# RECORDED DATA:
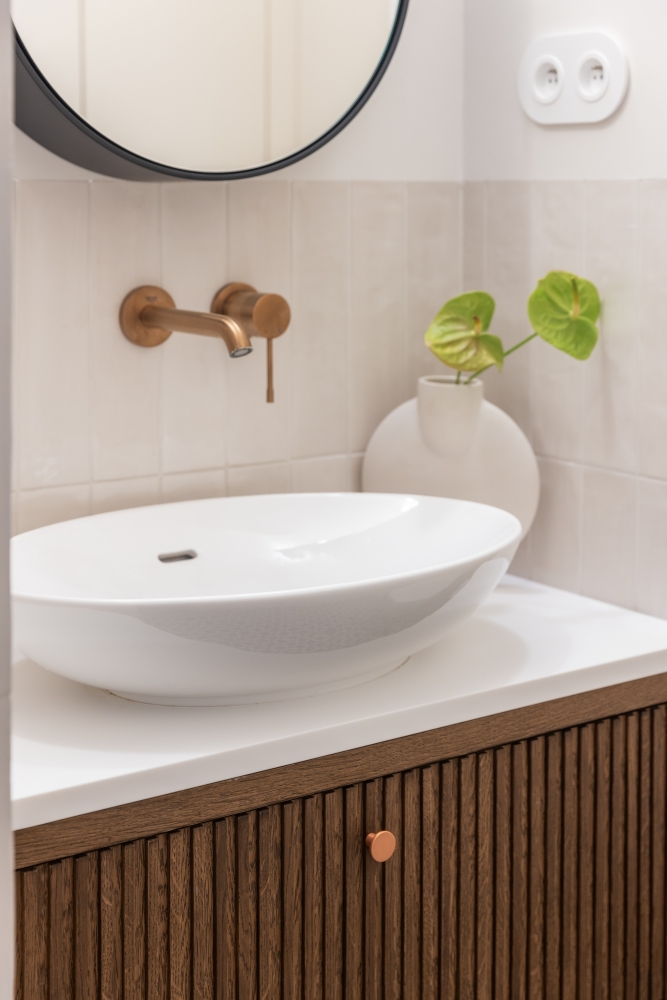 Jak pogodzić różne gusta, gdy ona kocha zieleń, a on – błękit? Projektantka obdzieliła tymi kolorami różne pomieszczenia 53-metrowego mieszkania. Łącznikiem są biel i naturalne drewno.
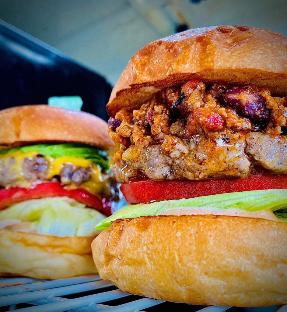 ファストフード的なハンバーガーのイメージを変えたくて、ボリューム・テイスト・ビジュアルに拘った、食事として満足してもらえるハンバーガーを提供しております。
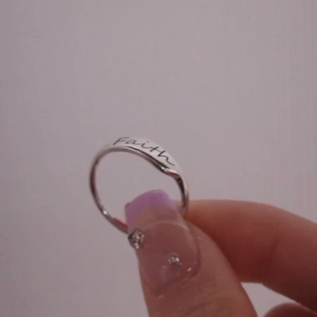 Faith - 925 Sterling Silver Women’s Adjustable Open Ring Custom Engraving Available
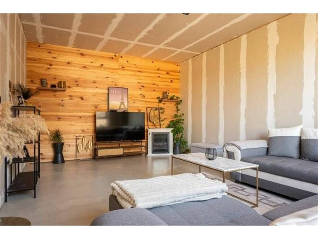 En cours de rénovation, il reste les finitions à personnaliser. La maison se compose d’un vaste hall d’entrée, d’un côté une grande salle à manger avec cuisine ouverte neuve, buanderie, chaufferie et salle de bain ; de l’autre, un salon cosy et une pièce lumineuse donnant sur la terrasse, idéale pour bureau, salle de jeux ou atelier ou chambre supplémentaire. L’ensemble du rez bénéficie d’un béton lissé contemporain.

# WHAT THIS TASK INVOLVES:
All that is needed is an exact copy of the lines from the line with "ファストフード的なハンバーガ" through the end of the listing, both ends included, with no pictures.

# WRITTEN ANSWER:
 ファストフード的なハンバーガーのイメージを変えたくて、ボリューム・テイスト・ビジュアルに拘った、食事として満足してもらえるハンバーガーを提供しております。
 Faith - 925 Sterling Silver Women’s Adjustable Open Ring Custom Engraving Available
 En cours de rénovation, il reste les finitions à personnaliser. La maison se compose d’un vaste hall d’entrée, d’un côté une grande salle à manger avec cuisine ouverte neuve, buanderie, chaufferie et salle de bain ; de l’autre, un salon cosy et une pièce lumineuse donnant sur la terrasse, idéale pour bureau, salle de jeux ou atelier ou chambre supplémentaire. L’ensemble du rez bénéficie d’un béton lissé contemporain.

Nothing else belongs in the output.